Toplumsal Etki Alanı • Sendikal örgütlenmelerin en geniş halk kesimlerini kapsaması amaçlanmalı mıdır? • Bunun sağlanabilmesi için hangi tür yapılanmalar gereklidir? • Sendikaları en genel anlamıyla hak arama örgütlerine dönüştürmek mümkün müdür/gerekli midir?

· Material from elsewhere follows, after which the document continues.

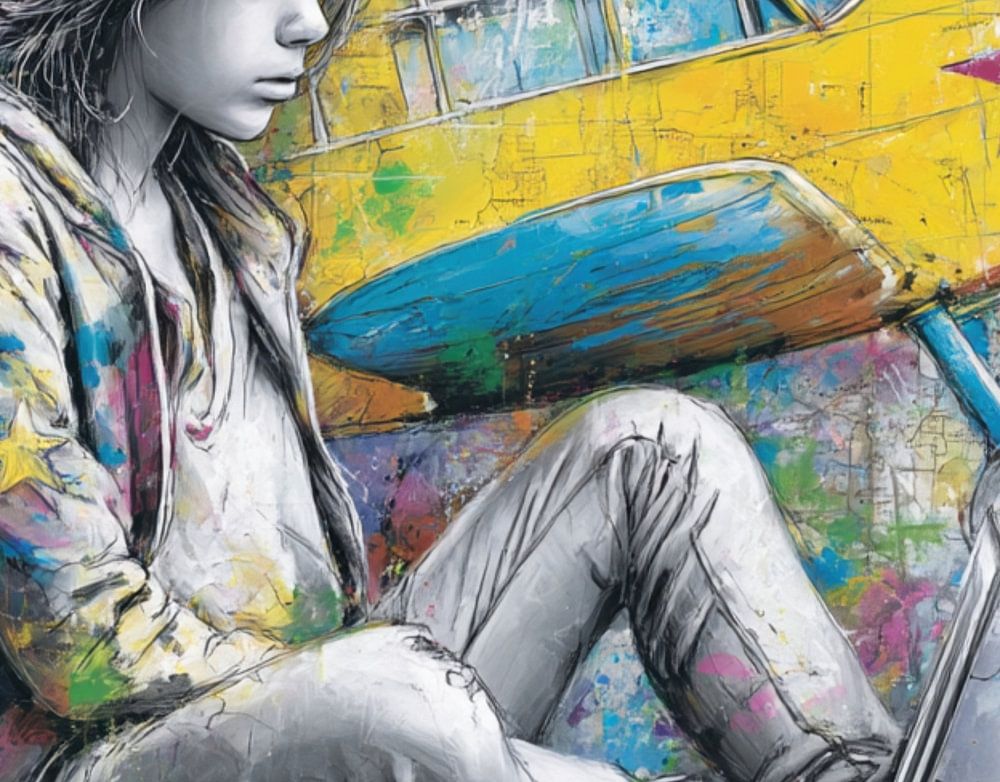 Graffiti painting of a girl sitting on the ground with a laptop on her lap, wearing a colourful hoodie with stars and aviator glasses. Behind them is a bright yellow plane with a red star. The background consists of a vibrant mix of colours, an abstract map of the world.

Sendika-Siyaset İlişkisi • Sendikalar ile siyaset kurumları arasındaki ilişki yeniden tanımlanabilir mi? • Sendikalar ile siyaset arasındaki ilişki nasıl kurgulanmalıdır? • Bu yeniden tanımlama sürecinde sendikalar ve siyaset kurumları yeniden konumlandırılabilir mi?
Ekolojik Sorunlar • Kapitalizmin sistematik olarak yaratmış olduğu toplumsal hayat, ekonomi, siyaset ve çevreyle ilgili sorunlar, hayatı giderek katlanılamaz hale getirmektedir. Emekçiler, toplumu ve doğayı tahrip eden kapitalizmin verdikleri ile yetinmek yerine ekolojik talepleri de gündeme getirmeyi hedeflemelidirler. Bu amaçla, savunulacak olan Toplumsal Sözleşmeler, aynı zamanda Ekolojik Sözleşmelerşeklinde tasarlanabilir mi?